Health & beauty sector
The ‘lipstick effect’ - where consumers buy small ‘everyday’ treats rather than big-ticket items in economic downturns - prompted a +5.6% uptick in Pharmacy and Health & Beauty sales last year, according to Barclaycard’s annual spending survey, cited by RTT member, James Sawley, who is Head of Retail & Leisure at HSBC, in his day job. As he pointed out: “Consumers favour the small luxuries in life and focus on wellness” during stagnant or muted economic growth periods.
Co-Chair of the RTT, RetailNext’s Gary Whittemore added that “while economic growth remains slow for 2024, the outlook for retail is muted for most sectors outside Grocery and Beauty.”
Fashion & circular economy
The RTT’s analysis of wider economic data includes a prediction that the circular economy will continue to grow, especially in the fashion sector, which has been one of the early adopters of reuse and resale circular models. The global apparel resale market is expected to grow 127% by 2026, according to a survey carried out by ThredUp, a player in this space, entitled the Resale Report 2023 – that is three times quicker than the wider clothing industry is growing.

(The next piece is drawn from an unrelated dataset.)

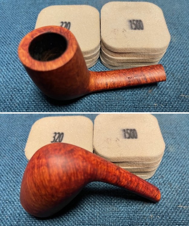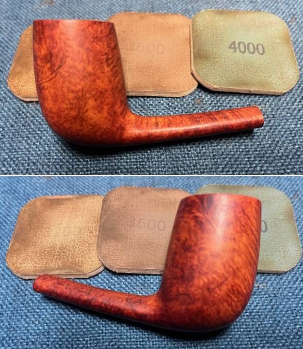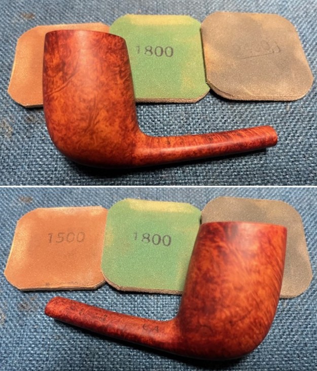 I started my work on the pipe by addressing the darkening to the rim top and sanding the bowl and shank. I used 320-3500 grit 2×2 inch sanding pads to remove the darkening on the rim top and the inner edge as well as clean up the bowl. It looked much better once finished.

The polarisation of the fashion sector, with the middle ground suffering as the value and luxury sectors rise, is set to continue as well. The RTT analysis of the year ahead cites McKinsey’s State of Fashion 2024 report as further proof of its own board member’s findings. The report forecasts that global apparel will post top-line growth of between 2-4% this year, with the luxury segment expected to generate the biggest share of economic profit. It is also most ripe for the reuse circular market. Fast fashion tends to be thrown away.
RTT member, HSBC’s James Sawley, expects to see the pivot towards ultra-value or ultra-luxury continuing: “The most successful retail companies in 2024 will… be pivoting towards either end of the value spectrum,” he said. “The emergence of Shein and now Temu, both rapidly growing in the UK, is a reminder of just how value conscious the consumer is right now, while only the ultra-luxury players are still performing well against softer consumer demand [induced by cost of living pressures].”

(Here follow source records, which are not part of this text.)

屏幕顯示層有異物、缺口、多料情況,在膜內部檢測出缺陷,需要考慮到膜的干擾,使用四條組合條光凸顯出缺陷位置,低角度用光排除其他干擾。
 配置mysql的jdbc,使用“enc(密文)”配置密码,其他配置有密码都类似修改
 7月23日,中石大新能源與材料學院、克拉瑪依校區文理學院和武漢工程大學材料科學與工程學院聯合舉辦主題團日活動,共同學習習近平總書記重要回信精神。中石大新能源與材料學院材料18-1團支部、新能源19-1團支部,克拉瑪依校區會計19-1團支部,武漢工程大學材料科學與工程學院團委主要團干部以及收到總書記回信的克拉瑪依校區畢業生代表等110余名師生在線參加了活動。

Big ticket homeware sales will suffer in 2024
The RTT’s 2024 Outlook report expects the home retail sector to face a challenging year ahead, with board member Maureen Hinton, a consultant and ex-Globaldata Director, suggesting “a slow housing market, and the ending of the pandemic boom for home-related big-ticket items and technology delaying the replacement cycle” means it is more challenging than it has ever been for home-related retail sectors.
The analysis is backed up by the aforementioned Barclaycard 2023 annual spending survey, where the data shows Home Improvement & DIY spend fell -4.7% year-on-year in 2023, while Furniture stores also experienced a -5.2% downturn in takings last year, as consumers reign in any spending on big-ticket purchases.
Fellow RTT board member and consultant, Bubb, Nick Bubb, pointed out the ongoing “hurt of big rises in interest rates” as a depressive factor on the performance of the big DIY and homeware retailers in 2024. “Much depends on when the Bank of England (BoE) feels able to start to lower interest rates,” he said, as this will relieve the pressure on “big ticket” spending. However, this is “unlikely to happen before the second half of the year.”